Researchers in the department of psychological and brain sciences at the University of California, Santa Barbara, conducted the study to examine the dynamics between mindfulness and mind-wandering — or the tendency to let our minds drift away on ‘task-unrelated thoughts.’
“We had already found that mind-wandering underlies performance on a variety of tests, including working memory capacity and intelligence,” said Michael D. Mrazek, a graduate student working with Jonathan W. Schooler, a professor of psychology.
The better the working memory — or an individual’s ability to hold chunks of information and also use them — the better students tend to perform on reading comprehension tests.

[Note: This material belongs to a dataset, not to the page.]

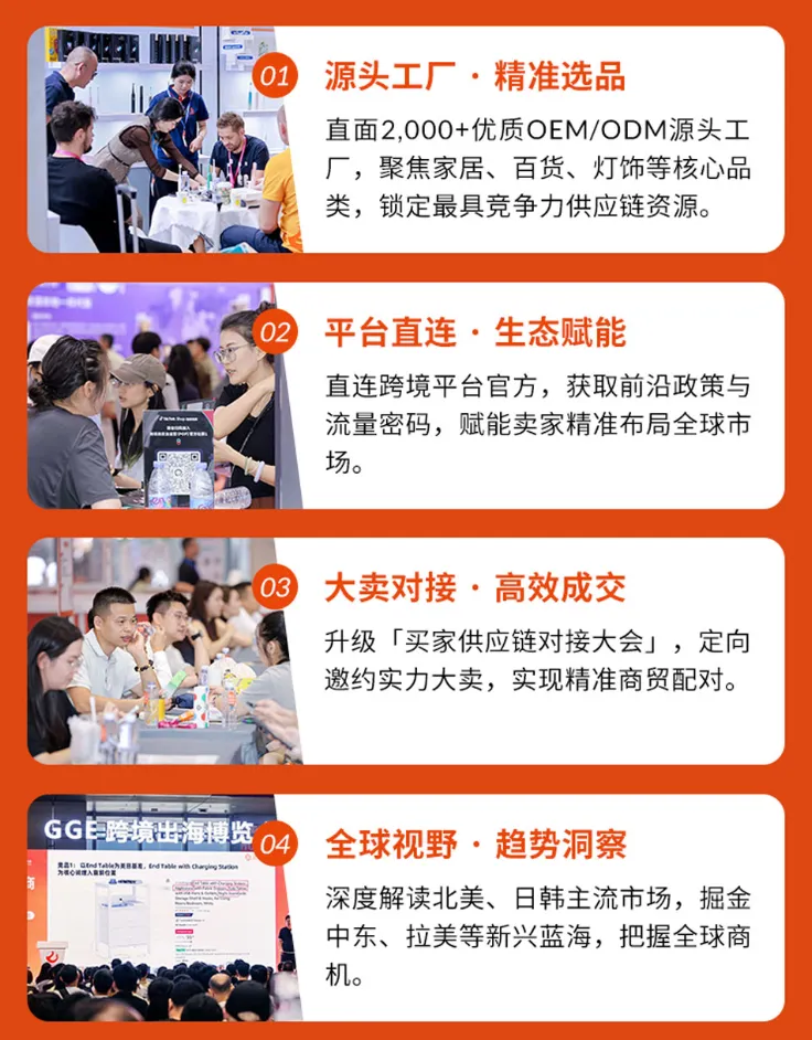 2026年4月25日至28日,GGE跨境出海博览会暨第11届OEM/ODM源头工厂展将于深圳国际会展中心(宝安)举办。本届展会全面覆盖电子家电、潮流时尚等跨境全品类,以“实效对接”为导向,贯通工厂、卖家、平台及服务商全链路,打造高效精准的选品撮合平台,成为推动中国制造出海、链接全球跨境生态的重要枢纽。

The research included 48 University of California undergraduates who were told it was a study designed to improve cognitive performance. Each student was evaluated for working memory capacity, mind-wandering and performance on a Graduate Record Examination (GRE) reading comprehension section.
Half of the volunteers were then randomly assigned to take part in a nutrition program, in which they were educated about healthy eating and asked to keep a daily food diary.
The others took a training that resembled standard mindfulness-based stress reduction programs. Students met four days a week for two weeks and were not required to devote as much formal practice outside of class.
The mindfulness students received training in the practice of meditation — including sitting in an upright posture with legs crossed and gaze lowered, breathing exercises and “minimizing the distracting quality of past and future concerns by reframing them as mental projections occurring in the present.”
After two weeks, the students were re-evaluated for mind-wandering and working memory capacity and given another version of the reading comprehension test.
The group that took mindfulness training experienced less mind-wandering and performed better on tests of working memory capacity and reading comprehension. Before the training, their average GRE verbal score was 460. Two weeks later, it was 520.
The nutrition group’s results did not change.
Richard J. Davidson, a professor of psychology and psychiatry at the University of Wisconsin-Madison, who has studied brain function in long-term and novice mindful meditators, offered this analogy: “You can improve the signal-to-noise ratio by reducing the noise. Decreasing mind-wandering is doing just that.”